Juan Urbina sirvió dos whiskys largos. El suyo lo estiró con agua fría. Encendió un cigarrillo. Me dijo no lo culpes, pibe, nadie está a salvo. Habló de una mujer, de una pintora. Elisa Carriquiry, no lo olvido. Mi padre iba a encontrarse aquella noche con la excusa de un viaje a Maldonado. Ella iba a retratarle su silencio. Mi madre lo vio irse. Sintió el beso en su frente, le acercó la maleta, le deseó buena suerte. Unas horas más tarde, dijo Juan, llegamos en la Mehari de Silvestre, estuvimos temblando en la puerta, esperando el coraje para golpear el puño. No supimos qué cosa aclarar antes, seguía hablando el viejo tembloroso, si era peor la muerte o la traición.
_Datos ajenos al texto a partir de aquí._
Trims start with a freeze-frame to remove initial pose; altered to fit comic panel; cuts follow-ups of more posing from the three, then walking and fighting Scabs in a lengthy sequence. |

-Esperamos que viniera tu abuela. Los gritos de tu madre no consiguieron despertarte, o sí, de repente lloraste toda esa noche mientras la puerta de calle iba llenándose de gente. Hay tanta cosa que se mezcla ahora.
Mi madre nunca quiso mencionar esa noche. Cuando habla de mi padre parece que lo hiciera como si hubiera muerto trescientos años antes. El interés que pone en su obra se debe únicamente a la posibilidad de que un día las regalías de derechos de autor sean significativas y comprenda que hay una tostadora, una heladera, un sillón, que mi padre le manda desde lejos con la culpa juntándole las palmas.
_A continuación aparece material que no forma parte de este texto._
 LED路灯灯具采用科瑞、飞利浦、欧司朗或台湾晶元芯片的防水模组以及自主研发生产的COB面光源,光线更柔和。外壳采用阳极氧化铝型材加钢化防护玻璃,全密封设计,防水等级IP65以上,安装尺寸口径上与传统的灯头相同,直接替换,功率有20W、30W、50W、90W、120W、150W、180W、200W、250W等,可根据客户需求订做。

En el poemario póstumo de mi padre, que el editor publicó bajo el insulso título de Poemas de amor, pueden leerse al menos diez textos dedicados a E.C. Dicen que mi madre decidió que la dedicatoria fuera excluida del libro. No dudo de que sea así. Cada libro que involucra a mi padre pasó por sus manos antes de llegar a la imprenta.
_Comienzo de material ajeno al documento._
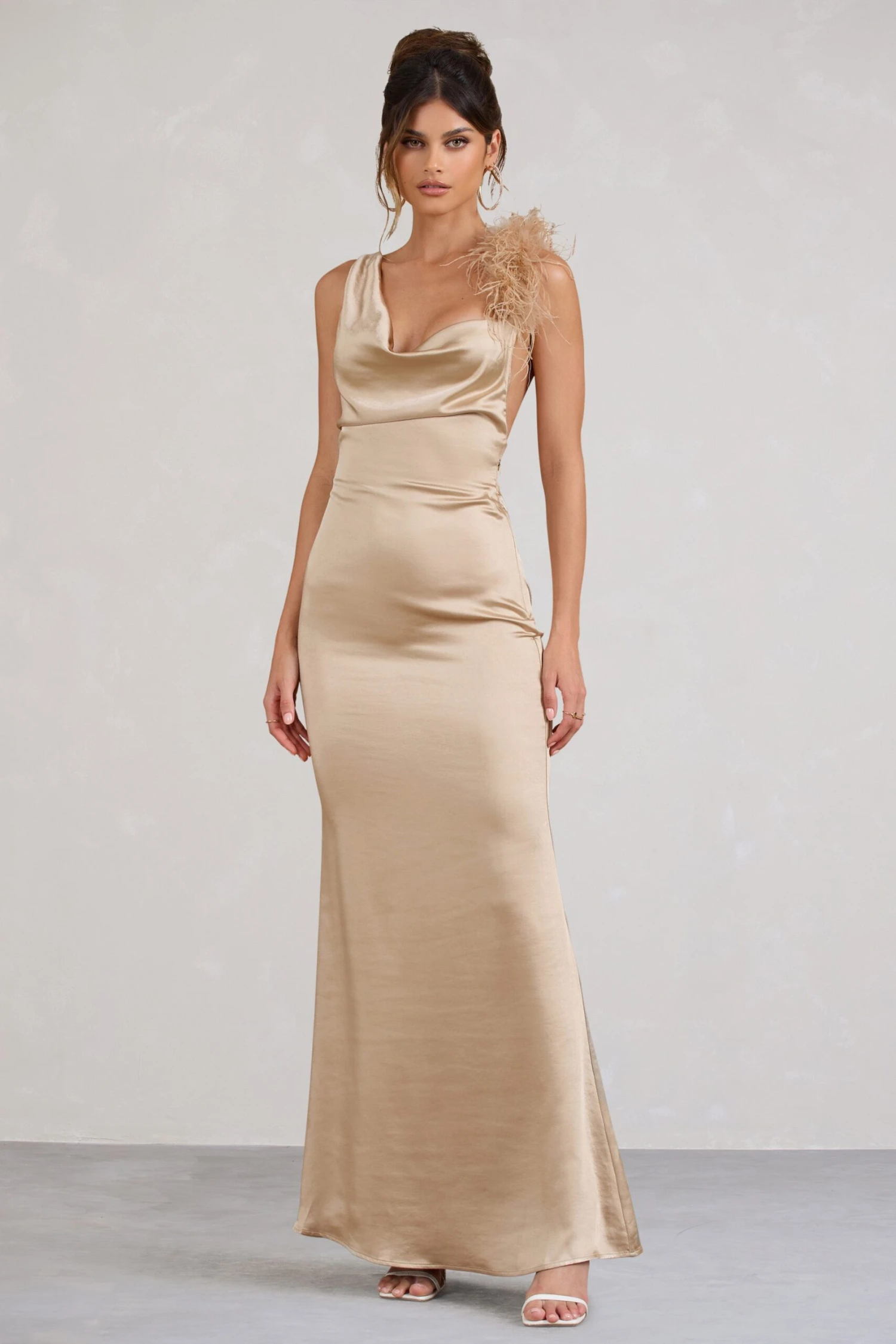 Whether you’re curating pieces to see you through summer or winter occasions, this asymmetric maxi dress is one to be cherished. Warm gold satin is artfully draped to shape a slinky cowl-necked silhouette. A floral strap adds a bold but beautiful final touch to Cherish Me.

Hace dos años decidí visitar a Elisa Carriquiry en una lujosa casa de salud de Carrasco. Murmuró la tarde entera nombres desconocidos y balnearios de la costa de oro. Seis veces nombré a mi padre y ella, como si temiera una venganza, como si imaginara en sus ojos aguachentos y sus uñas largas, que mi madre treparía la medianera una noche cualquiera para cortarle el cogote, me quiso convencer de que fue una pintora iluminada que el mundo no supo comprender. Insistí en que me asegurara que no había pintado el rostro de mi padre, que unos días antes de su muerte no había esbozado las líneas de su cara. Busqué extorsionarla preguntándole el nombre de su médico de cabecera. Tuve la esperanza de conocerlo, de idear una trampa. No aceptaba la idea de que el rostro de mi padre estuviera escondido en una cajonera de mala muerte, entre estampitas y viruta: el gesto congelado, la mano segura de la mujer delineando la camisa entreabierta. Quise ver su cara para interpretar en el trazo, en la mueca, esa comunión que los reunía.
Antes de salir apreté su mano y volví a preguntarle por mi padre. Cuando describió una calle cualquiera de Parque del Plata y unos vecinos que le cruzaban una fuente de níspolas los veranos, acerqué su palma a mi cara y escupí en el centro mirándola a los ojos. Cerré su puño. Fui del corredor a la puerta de calle mientras la mujer temblaba recostada a la silla.
Investigué su obra pública. No hay nada que remita a mi padre salvo una pintura que perfectamente podría estar inspirada en uno de sus relatos: un hombre sentado a los pies de la cama observa la cabeza de otro hombre que asoma dentro de una maleta.